# Another yamaha plow question



## FLC2004 (Aug 29, 2010)

So my father basically gave me one of his older quads today that he and his wife dont ride anymore. I figured i'll put a plow on this too then i'll have 2 quads setup for sidewalks. Its a 1998 Yamaha Big Bear 350 4x4 with probably a total of 80 hours on it. Does anyone plow with something as small as a 350? I know it'll never compare to my grizzy 700 but i think it should be ok with the right plow and set of tires. It really is practically a brand new quad , does anyone have any ideas or input for this setup? I bought a 60" plow for my grizzly but keep in mind i dont wanna go that big on a 350.


----------



## BlizzardBeater (Aug 29, 2010)

It'll do fine if you dont ask it to do the job of your grizzly.

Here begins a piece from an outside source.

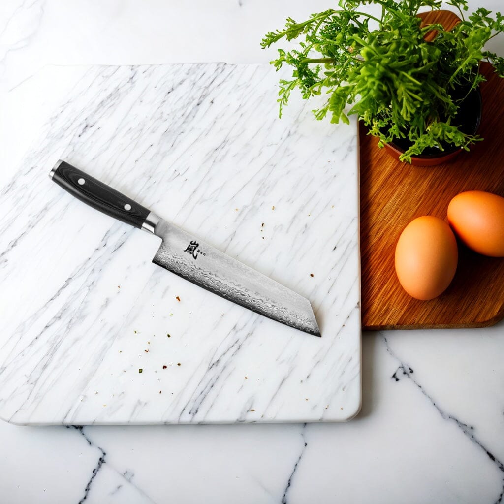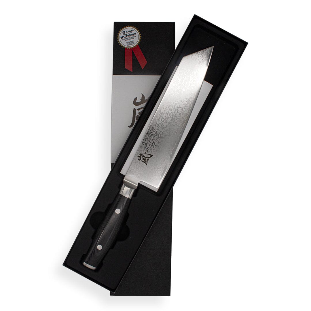 Le Kiritsuke japonais 20 cm de la marque Yaxell se distingue par la lame damassé 69 couches avec noyau en acier trempé VG-10, qui garantit des performances de coupe durables.

Add some weight, go with a little smaller plow, and expect it to do the work of a 350cc quad. I think you'll be surprised how much it will actually do if you're just using it for sidewalks. Sometimes smaller and more manuverable is a blessing. If nothing else, it'll make you a good back up.


----------



## IPLOWSNO (Oct 11, 2008)

its a little tank, go ahead and hookup to it with your grizz and see for yourself, it was crazy watching what it did to a 660.


----------